Return the lines of the data below starting at the one holding "losos (Salmo salar)" and ending at the one holding "Il PCL sostiene", word for word, leaving every picture out.

(Stored data)
--------
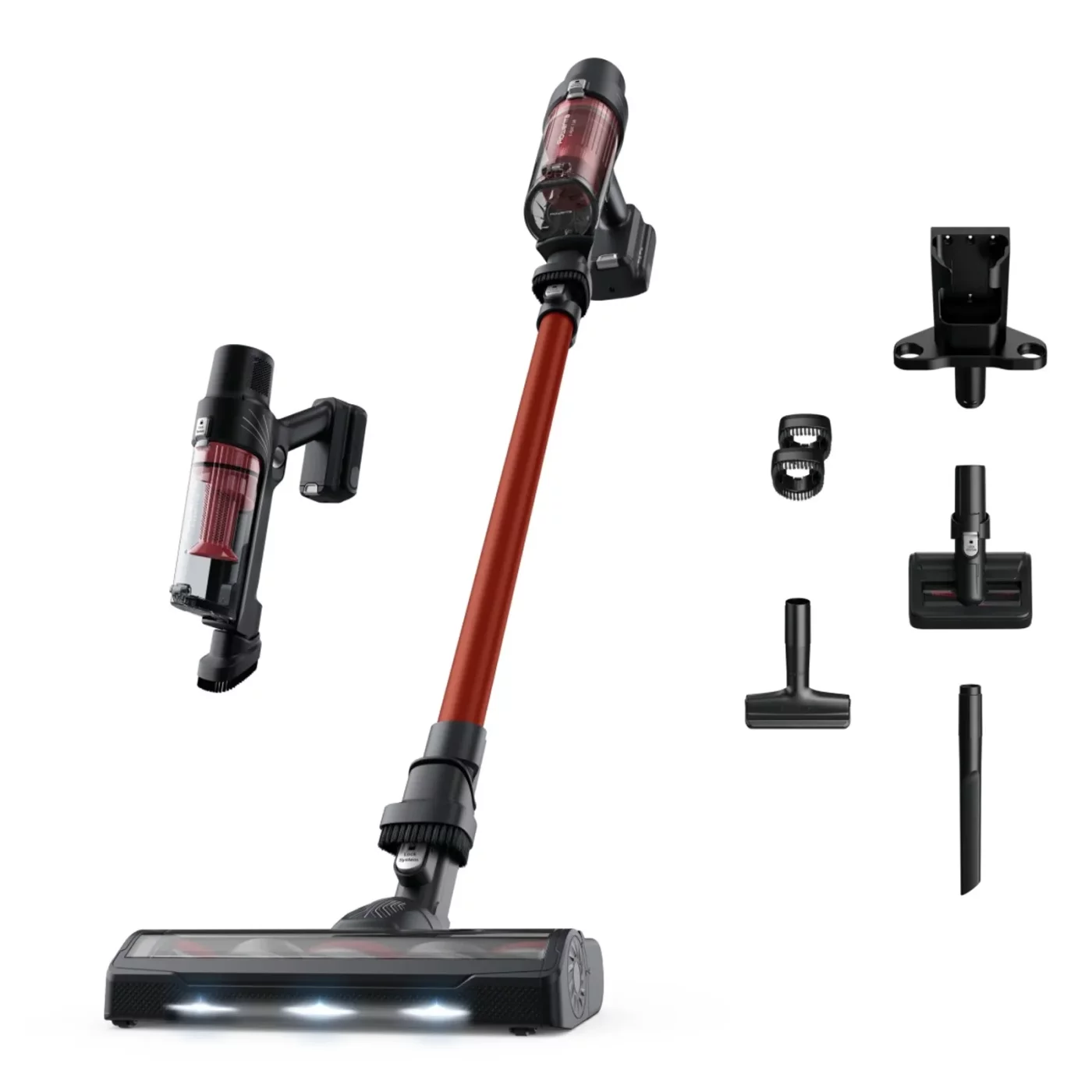 Bateria performanta ofera o autonomie de pana la 45 de minute, suficienta pentru sesiuni complete de curatenie intr-o singura incarcare. Un avantaj major al acestui model este peria motorizata cu iluminare LED integrata, care scoate la iveala praful ascuns sub mobilier sau in colturile intunecate. Sistemul de filtrare avansat retine pana la 99% din particulele fine si alergeni, garantand un mediu mai sanatos. In plus, modelul RH6A73WO vine echipat cu o statie de incarcare practica ce include suport pentru accesorii, mentinand totul organizat si gata de utilizare. Cu accesorii dedicate pentru tapiterie si spatii inguste, acest aspirator in culori vibrante de rosu si negru este solutia completa pentru o casa impecabila.
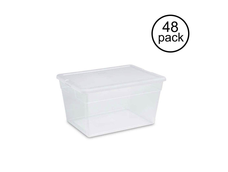 Sterilite 16598008 56 Quart Clear Home Storage Tote Container W/ Lid, 48 Pack
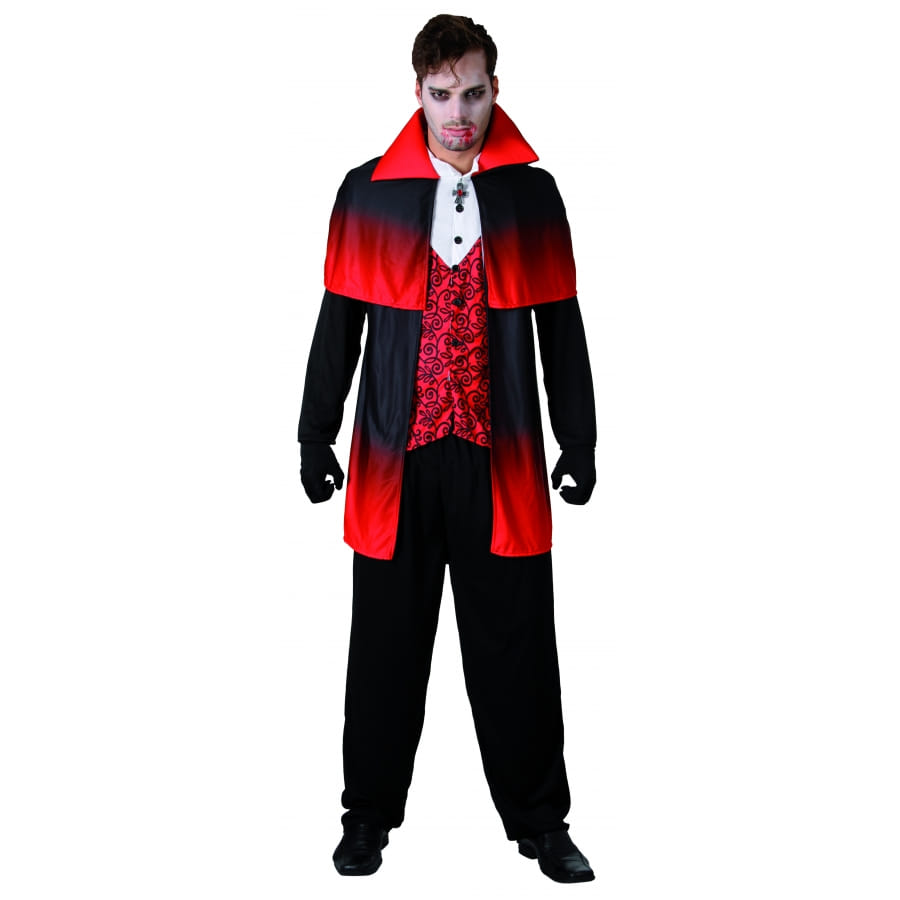 Les vampires sont des créatures nocturnes. Ils sortent la nuit pour aller se nourrir de sang ! Pendant la nuit d'Halloween, ils se mêlent à la foule pour faire la fête avec le commun des mortels. Messieurs, si vous envisagez de vous déguiser en vampire en cette grande occasion, choisissez sans hésiter ce superbe costume. Il s'agit d'un ensemble complet de couleur rouge et noire, à la fois chic et quelque peu terrifiant. Vous aurez à votre disposition une belle chemise avec tour de cou, un pantalon noir ainsi qu'une magnifique cape qui sublime le tout. Ce déguisement vous sera fourni en taille médium large. Ajoutez une petite couche de maquillage et ce costume vous permettra d'incarner le fameux Conte Dracula sans aucune difficulté !
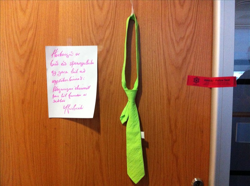 Fyrirmæli Brytans til meðlima Græna bindisins fyrir veiðifund félagsins á Grensásstöð, vorið 2013. |
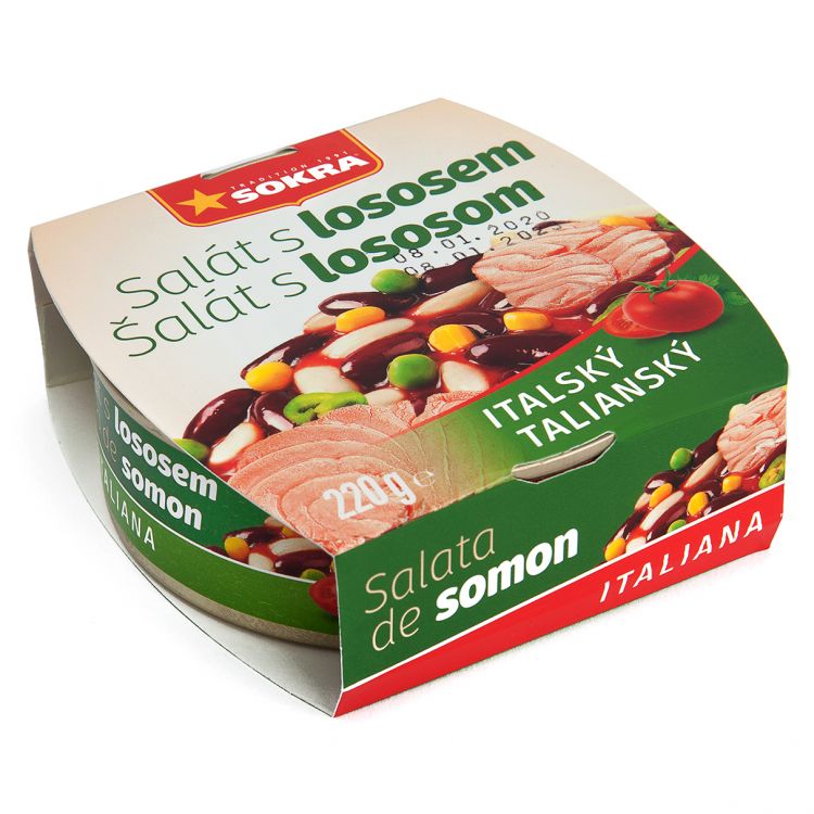losos (Salmo salar) – 20 %, zeleninová zmes – 41 % (biela a červená fazuľa, mrkva, zelený hrášok, kukuricca, cibuľa, zelér), pitná voda, paradajková pasta – 6 %, cukor, jedlá soľ, repkový olej, zahusťovadlá: modifikovaný kuričný škrob, stabilizátory: karubín, guarová guma a karboxymethylcelulóza, zmes korenia (čierne korenie, koriander, bobkový list, nové korenie), regulátor kyslosti: kyselina octová.
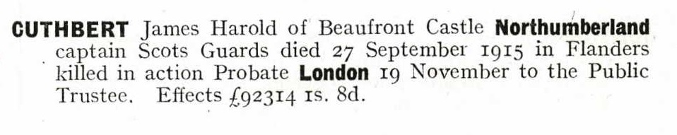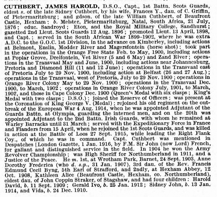 Son of Sidney and Frances Y. Cuthbert. Husband of Kathleen Cuthbert, O.B.E. (now Lady Rayleigh, of Beaufront Castle, Hexham, Northumberland, and Terling Place, Chelmsford). Born Melster, Pietermaritizburg, South Africa. Educated Sandroyd, Eton and Royal Military College. Won the Army Revolver Championship in 1904, and published "The 1st Battalion Scots Guards in South Africa, 1899-1902". His sons Gerald Ivo Cuthbert and Sidney John Cuthbert fell in the 1939-1945 war. |
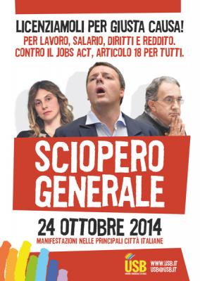 Il PCL sostiene le rivendicazioni dell'azione di sciopero intercategoriale promossa dal sindacato USB per il 24 ottobre, contro il governo Renzi, l'Unione europea, le politiche di austerità.
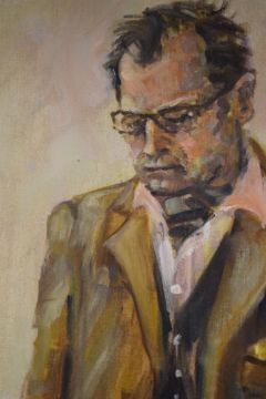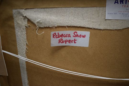 Rebecca Snow (British Contemporary) Impressionistic oil on board 'Rupert', a study of a seated gentleman reading, signed lower right, entitled and attributed verso, within cream wooden frame, 59.5cm x 84cm & 63.5cm x 87.5cm overall.
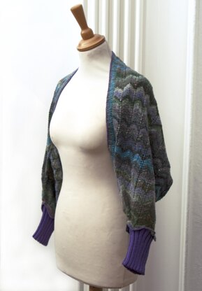 Knitted in stripes from 2 separate balls of the same shade of Noro Kureyon Sock yarn the chevron stitch pattern becomes exaggerated creating a more obvious zig zag effect. The garment is knitted from cuff to cuff in a combination of rounds and rows with increasing at the centre of the underarm. The solid coloured 4ply Rialto makes a feature of the pointed edge and the rib cuff adds another unusual twist.
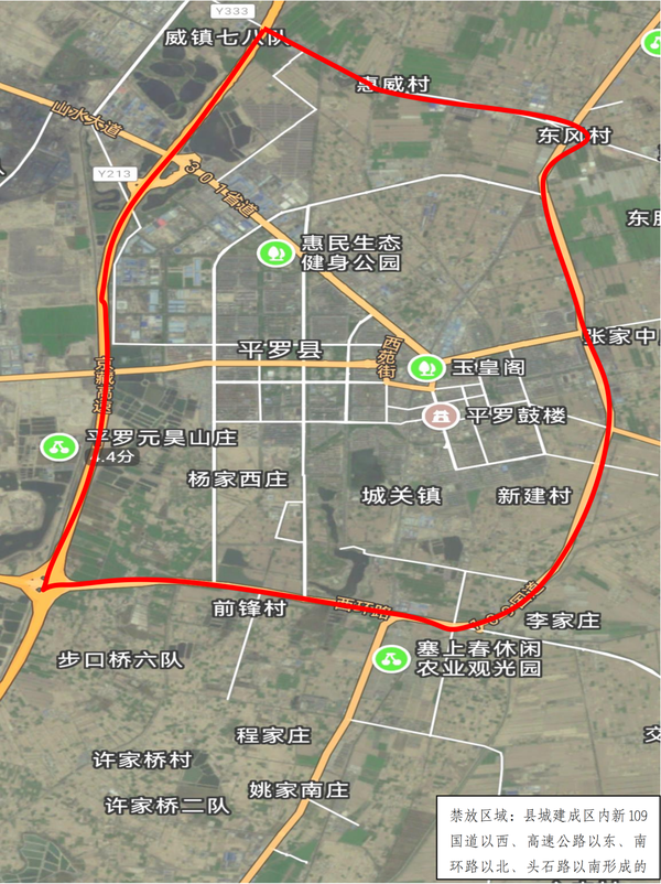 平罗县烟花爆竹禁限放区域示意图。
--------
- [WORKED SOLUTION]
losos (Salmo salar) – 20 %, zeleninová zmes – 41 % (biela a červená fazuľa, mrkva, zelený hrášok, kukuricca, cibuľa, zelér), pitná voda, paradajková pasta – 6 %, cukor, jedlá soľ, repkový olej, zahusťovadlá: modifikovaný kuričný škrob, stabilizátory: karubín, guarová guma a karboxymethylcelulóza, zmes korenia (čierne korenie, koriander, bobkový list, nové korenie), regulátor kyslosti: kyselina octová.
 Son of Sidney and Frances Y. Cuthbert. Husband of Kathleen Cuthbert, O.B.E. (now Lady Rayleigh, of Beaufront Castle, Hexham, Northumberland, and Terling Place, Chelmsford). Born Melster, Pietermaritizburg, South Africa. Educated Sandroyd, Eton and Royal Military College. Won the Army Revolver Championship in 1904, and published "The 1st Battalion Scots Guards in South Africa, 1899-1902". His sons Gerald Ivo Cuthbert and Sidney John Cuthbert fell in the 1939-1945 war. |
 Il PCL sostiene le rivendicazioni dell'azione di sciopero intercategoriale promossa dal sindacato USB per il 24 ottobre, contro il governo Renzi, l'Unione europea, le politiche di austerità.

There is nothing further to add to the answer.